За что Иран бросаешь ты на муки?
И шах сейчас сидит, кусает руки…»
И дал им Тахамтан такой ответ:
«Теперь мне дела до Кавуса нет!
Седло мне – трон, одежда мне – кольчуга,
Венец мой – шлем, и нет средь вас мне друга.
Мне все равно – что прах, что Кавус-шах!
Как может он меня повергнуть в страх?
Я не прощу обиды: царь, видать,
По малоумию забыл опять,
Как от врагов его освободил я,
Как жизнь ему и славу возвратил я.
Я сыт по горло!
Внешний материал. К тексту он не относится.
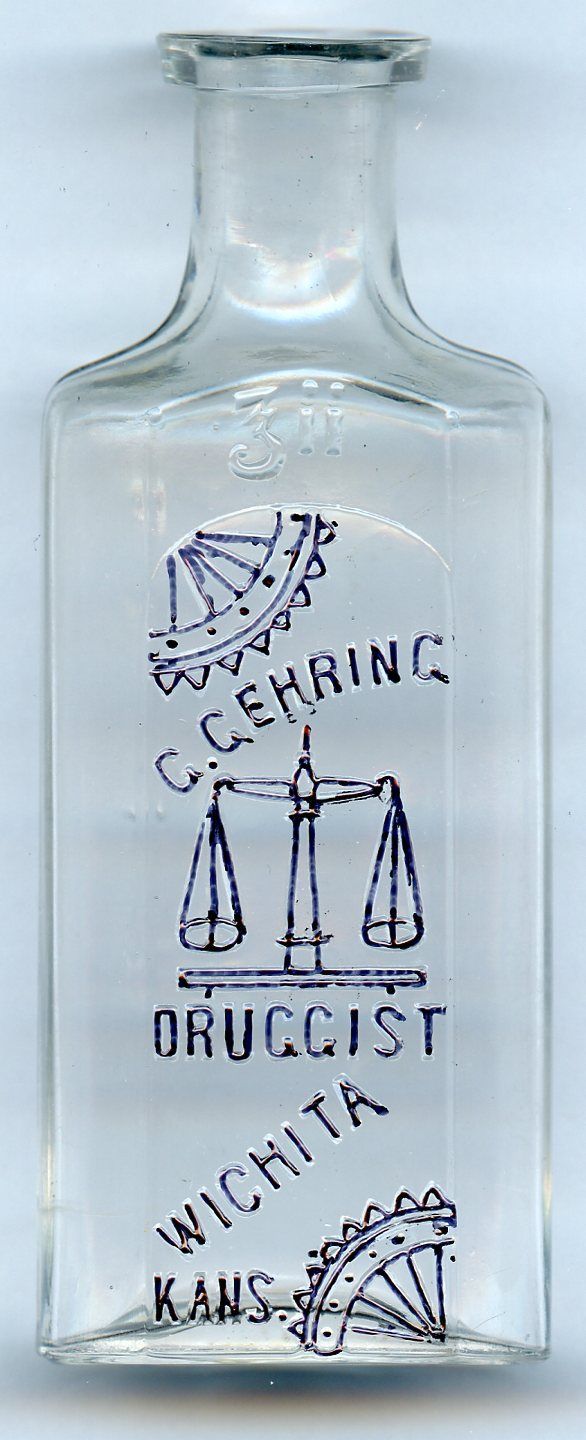 11351 G. Gehring, Druggist; 1890-1908; Clear glass; 2 oz.; back embossed; for cork stopper; 1.7" x 1" x 4.3"; Courtesy Crispin's Drug Store Museum, Lincoln, KS

Что мне ваш Кавус?
Лишь светлого Йездана я боюсь».
Умолк Рустам, Гударз премудрый снова,
Открыв уста, сказал такое слово:
«Как речь твою мы перескажем там,—
Что бросил, мол, Иран в беде Рустам?
В народе, в войске – всяк бы усомнился,
Не впрямь ли ты туранца устрашился?
А нас предупреждает Гуждахам,
Что от врага не ждать пощады нам.
И коль Рустам на бой пойти страшится,
У нас непоправимое свершится!
Тревога в войске и в стране царит,
Всяк о Сухрабе только говорит.
Не отвращайся в этот час от шаха,
Пусть он ничтожен, пусть он ниже праха,
Но ведь природный шах Ирана – он,
А корень наш и столп наш – Кеев трон.
Как возликует враг наш, полный скверны,
Коль будет шах унижен правоверный!»
Так мужа наставлял Гударз-мудрец.
Рустам, подумав, молвил наконец:
«Я много ездил по земле широкой,
Я много знаю, вижу я далеко.
А если боя сердцем устрашусь,
Я от души и сердца отрекусь.
Ты знаешь сам: я незнаком со страхом,—
Пусть благодарность неизвестна шахам!»
И Тахамтан обратно прискакал,
И гордо перед шахом он предстал.
Ему навстречу встал с престола шах
И молвил со слезами на глазах:
«Я нравом одарен непостоянным,—
Прости! Так, видно, суждено Йезданом!..
Теперь перед напастями войны
Стеснился дух мой, словно серп луны.
Ты нам, Рустам, один теперь защита,
Опора наша, воин знаменитый!
Вседневно я, пред наступленьем сна,
Рустама славлю чашею вина.
О муж, забыта будет пусть обида!..
Пока мы вместе – выше мы Джамшида!
Мне в мире нужен только ты один,—
Помощник, друг мой, мощный исполин!
Я ждал тебя. Ты запоздал дорогой,
А я вспылил… Прости, во имя бога!
В раскаянье, увидев твой уход.
Наполнить прахом я хотел свой рот!»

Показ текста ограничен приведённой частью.